In the first pilot trial with calcitriol, Walter et al. (5) reported no differences in fasting C-peptide, AUC C-peptide, and peak C-peptide after a mixed meal between treated and placebo groups at 9 and 18 months. A1C and insulin requirement were also similar between the groups. In the aforementioned study, no threshold of C-peptide level at study entry was defined. We designed a trial in which patients were younger at diagnosis, including also children, and should have had basal C-peptide levels at entry >0.25 nmol/l so that a possible effect of calcitriol on disease progression could have been detected. We have shown that calcitriol does not affect residual β-cell function in such patients, even those of younger age. Similar to the German trial describing a mean C-peptide decrease of ∼40% at 18 months, in our study, decline of C-peptide after 24 months was 44.4% in the calcitriol group and 42.5% in the placebo group. These findings substantially confirm the data from combined studies collected by the TrialNet Research Group on decline of C-peptide (6).

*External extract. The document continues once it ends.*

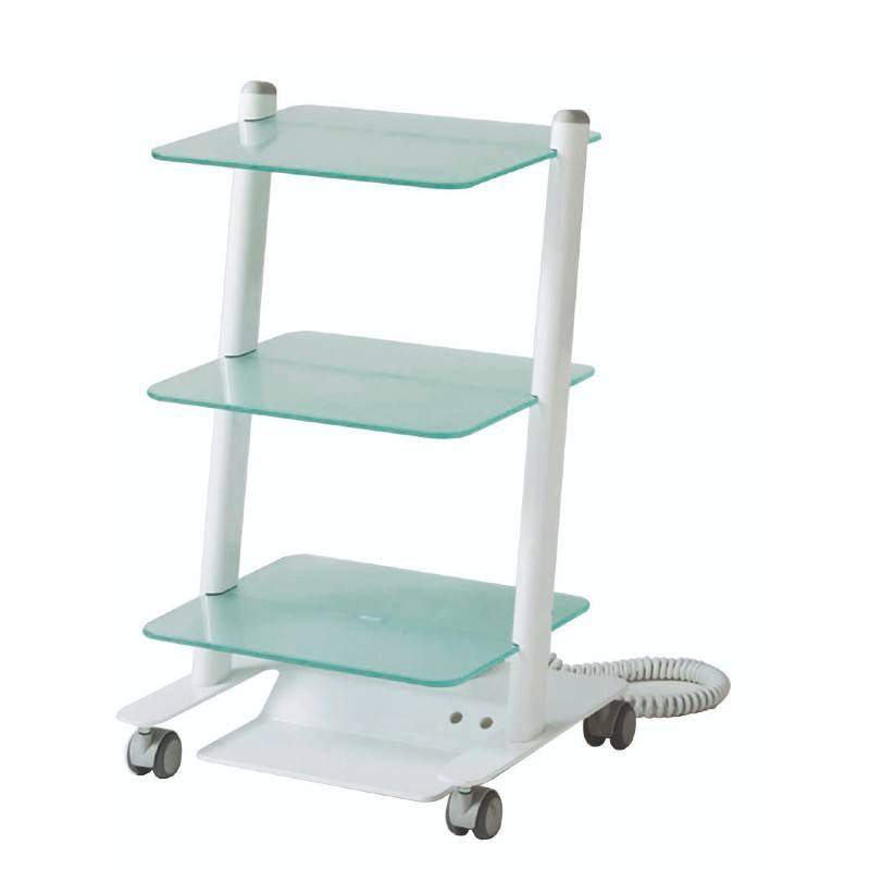 - Carrito móvil auxiliar para clínica con 3 estantes de cristal.
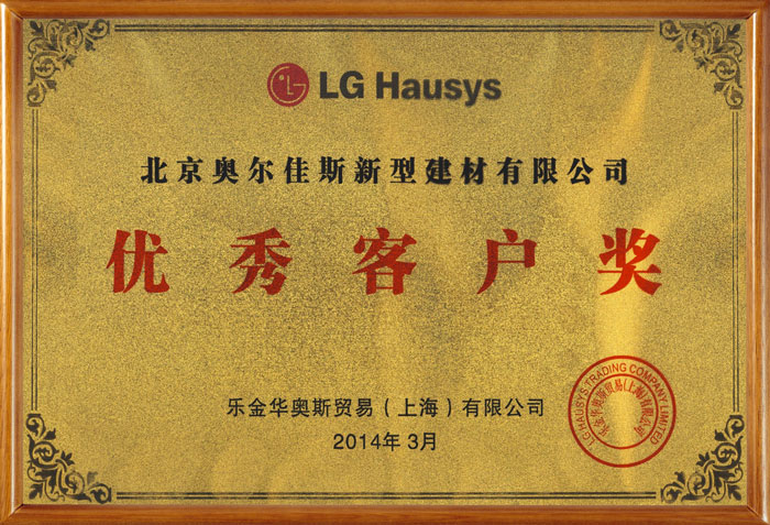 北京奧爾佳斯新型建材有限公司獲得韓國LG Hausys總部頒發(fā)的“優(yōu)秀客戶獎”。 ...

In the study by Walter et al. (5), serum concentrations of the active form of vitamin D 1.25(OH)2D3 were determined only in 13 patients in the safety phase, at baseline, and after 9 months of treatment, and they increased significantly (24.6 vs. 30.3 pg/ml; P < 0.02). On the contrary, we found that plasma levels of 25OHD were only modestly modified by the oral supplementation of calcitriol.

In view of the association of supplementation of vitamin D early in life with a risk reduction of type 1 diabetes (2,3,7), it is likely that the protective effects of vitamin D may be beneficial in modulating the initiation of the autoimmune process. However, supplementation after disease onset does not induce any beneficial effect.

In conclusion, the results of this trial indicate that, at the doses used, calcitriol is ineffective in preserving residual β-cell function.